The dreaded phone call came.
I was sitting at my computer working, but taking pause to savor my stunning yellow, orange and red hibiscus, blooming in all its Puerto Vallarta glory. But peaceful calm was soon shattered. My best friend since childhood, Cheryl Satterfield Nash, called. Her beloved sister, Bonnie Satterfield Baker, had passed away.
Gritted teeth, tearful gulps of sorrow erupted.
Bonnie, eight years older, had been my big sister, too. I grew up a couple houses down from Cheryl and Bonnie. Popular Bonnie was always patient and kind to us younger brats. We were loud and obnoxious, but Bonnie drove us around in her parents’ sleek tan and cream-colored ’55 Chevy. She let us look down the staircase and sneak peeks into her teen parties. Perhaps she never knew Cheryl and I raided her snacks before her guests arrived with their 45’s ready to take a spin on the record player. She made the best French onion chip dip and always had big bowls of M and M’s. We dipped our mitts into them all too frequently. Yummy years.
Bonnie was a “card”.
Witty, cool, and ever the one for a great joke, her antics were always a gleeful show-stopper. “Generosity” was her middle name. All those years my mom needed live-in care, Bonnie would visit with Cheryl and Bob and their super kids, Shelby and Josh. Lucky Mom was a part of the Bonnie/Cheryl clan. One of Mom’s favorite meal memories was eating Bonnie’s mac and cheese with a chunk of tasty ham for good measure.
I remember one Easter Mom was invited to Cheryl’s for dinner. Mom had never taken part in an Easter egg hunt. A tad bit reticent with not a competitive bone in her body, Mom sat watching. Eyeing this passivity, Bonnie grabbed Mom’s arm, put an Easter basket in her hand, and off they galloped. Something tells me Bonnie had planted those eggs or at least knew the Easter Bunny up close and personally. Soon, Mom’s basket spilled over with colored egg delight…and I believe the winning egg count, too! That was Bonnie, thoughtful, empathetic, and fun.
A few days prior to her passing, brave Bonnie decided to go off dialysis.
Her poor body was worn out from several incapacitating diseases paired with a rare disease, Wegener’s, that had taken her to her knees for years. For many weeks, she had been flat on her back in excruciating pain. She knew the consequence of her decision, and she even rallied those last few days. We all thought she had several weeks of life, but she and her maker had other plans.
God love her, the decision to let go and travel to Heaven did not come easily. Very spiritual, she thought she might be committing suicide. She could not fathom that. After many talks with family, friends, minister, and hospice, Bonnie was finally at peace with her decision. Time to let go and wing her way to Heaven.
Cheryl’s family threw a humdinger of a 73rd birthday party for her.

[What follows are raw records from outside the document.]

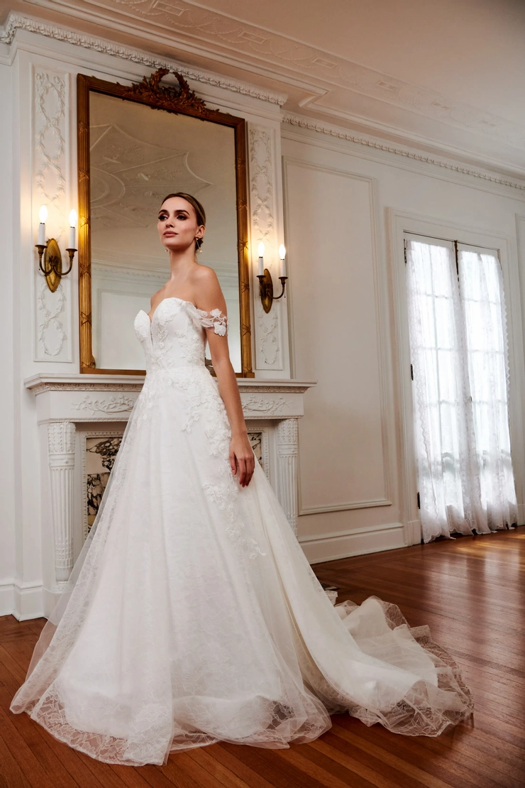 14Ivory/Nude Sparkle Lace A-Line with Optional Slit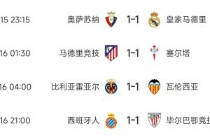 而本輪已經(jīng)賽完的4支西甲前6隊,全部打成了1-1平:皇馬1-1奧薩蘇納、馬競1-1塞爾塔、比利亞雷亞爾1-1瓦倫西亞、畢爾巴鄂競技1-1西班牙人。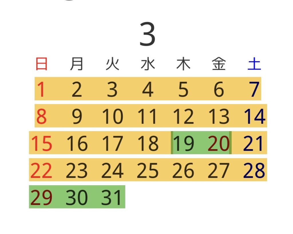 緑色が休講日、オレンジ色がスクール実施日になります。

In bliss, Bonnie munched Cheryl’s homemade chocolate cake with chocolate peanut butter icing and home-churned chocolate ice cream. She loved her fragrant fresh daisy and spring flowers. Bonnie told jokes, laughed, and had a blast. Her family was there every day.
Two days after her birthday, her entire clan was there again when she took her last peaceful breath. She was happy, calm, and had continued to joke and play around until minutes before Heaven’s pearly gates invited her in. She told her only son, Brain, and grand daughter, Hannah, and Cheryl, Bob, Shelby and Josh, how much she loved them. She even blessed them with parting words of wisdom and how she hoped they would show up in life after she was gone. Till the end, she was giving joy.

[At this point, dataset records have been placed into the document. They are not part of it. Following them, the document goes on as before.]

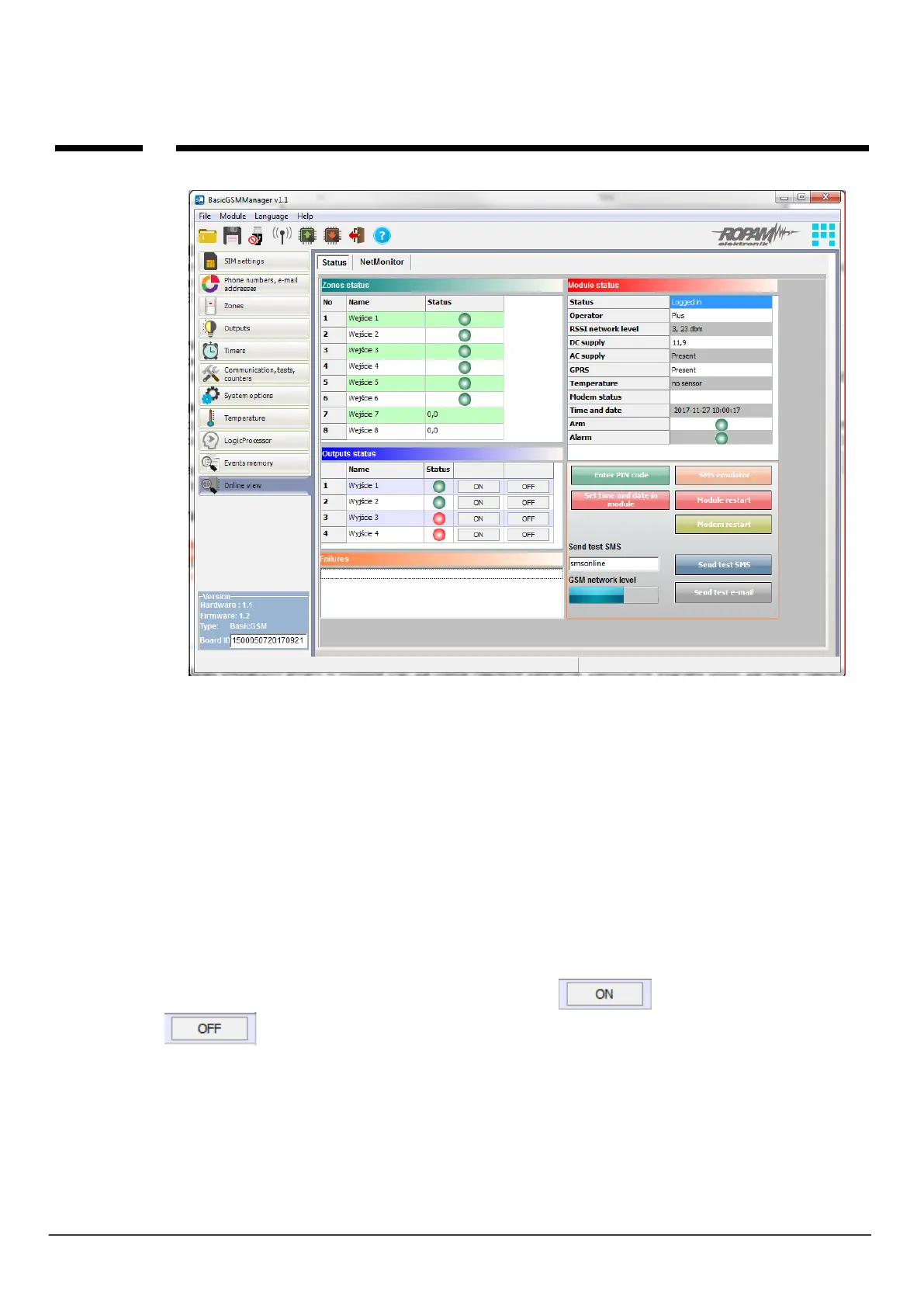 - In the ON-LINE mode, the module performs its standard functions, eg sends SMS messages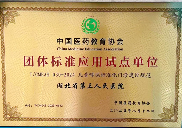 近日,在中国医药教育协会儿科专业委员会2025年度学术会议期间,《儿童哮喘标准化门诊建设规范》团体标准应用试点单位工作会议同步召开。会议对首批入选的试点单位进行了集中授牌。其中,湖北省第三人民医院儿童医疗中心成功入选,并现场接受授牌。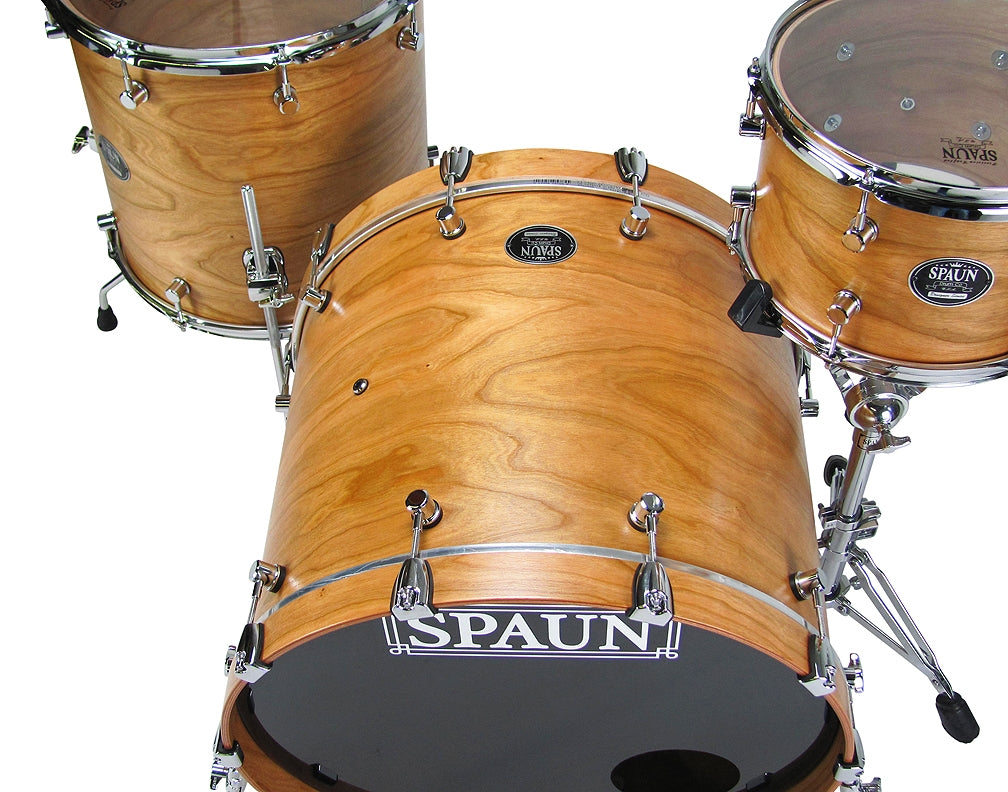 Shell Pack- 8x12 rack tom, 16x16 floor tom, 18x22 kick drum. Beautiful Natural Satin Lacquer Finish with Chrome Hardware. Features our SBR Solid Brass Resonator Lugs and Double 45 Degree Edges.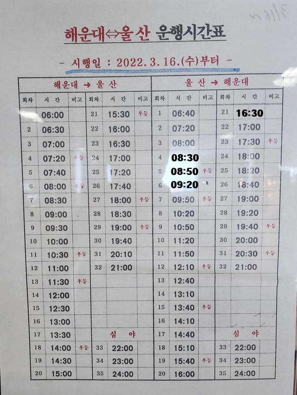 울산 출발 구미, 점촌, 충주, 동해, 강릉 방면.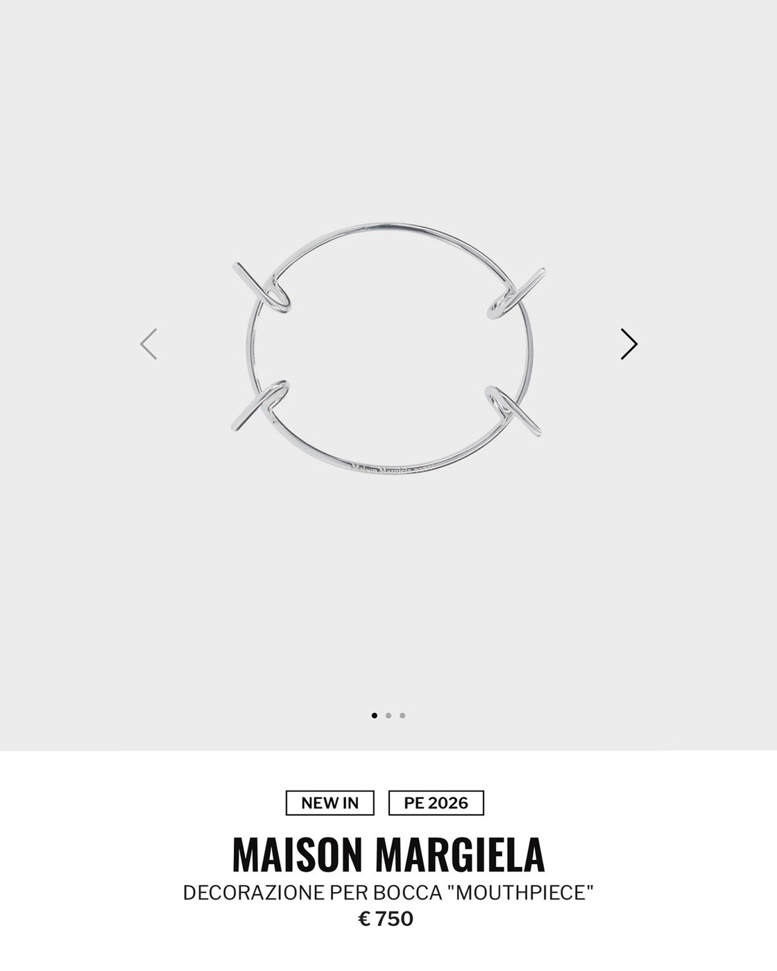 당시 런웨이에서 모델들이 착용했던 개구기가 봄 시즌 주얼리 제품으로 실제로 출시됐습니다. 현재 부티크 슈가 웹사이트에서 750유로, 한화 약 129만 원 정도에 판매 중입니다. 마르지엘라 모델들처럼 이를 시원하게 자랑할 패페 친구 구합니다..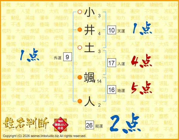 小井土颯人さんの総運は26画の2点!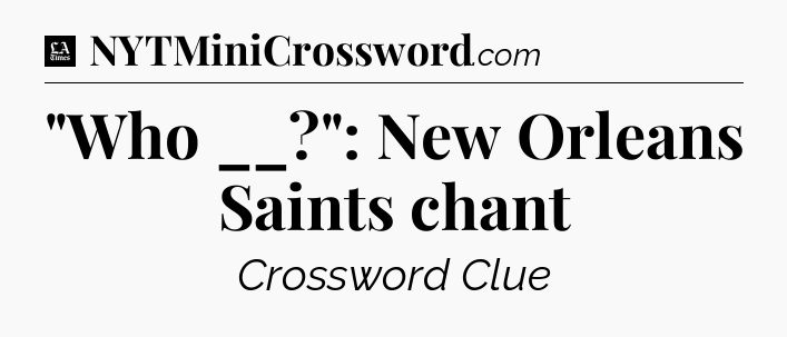 The clue “”Who __?”: New Orleans Saints chant” most recently appeared in a LA Times Crossword on November 8, 2019.

Just before she passed, Bonnie’s last message took their breath away.
Dumbstruck jaws dropped. Eye-brows raised. Their hearts skipped a beat. Totally lucid, she peacefully described her crystal clear vision. Her younger brother, Kevin, was there. He was welcoming her and guiding her home to Heaven. Kevin, 22, had died at the hands of a drunk driver. Gracious grace. What a parting gift. Much loved angel Kevin pulled at their heart-strings. After all these years, he joined his earth family once again. Hope and faith took wing.
As our Native Americans friends would say, “It was a good death.” And Bonnie deserved it.
Mom used to tell me she wished she had a magic carpet so she could fly in to see me. That is the exact thought that came to my mind the Saturday of Bonnie’s funeral. I so much wanted to be there in Delaware with my second family. I thought about them constantly. What could I do to let them know my heart was with them?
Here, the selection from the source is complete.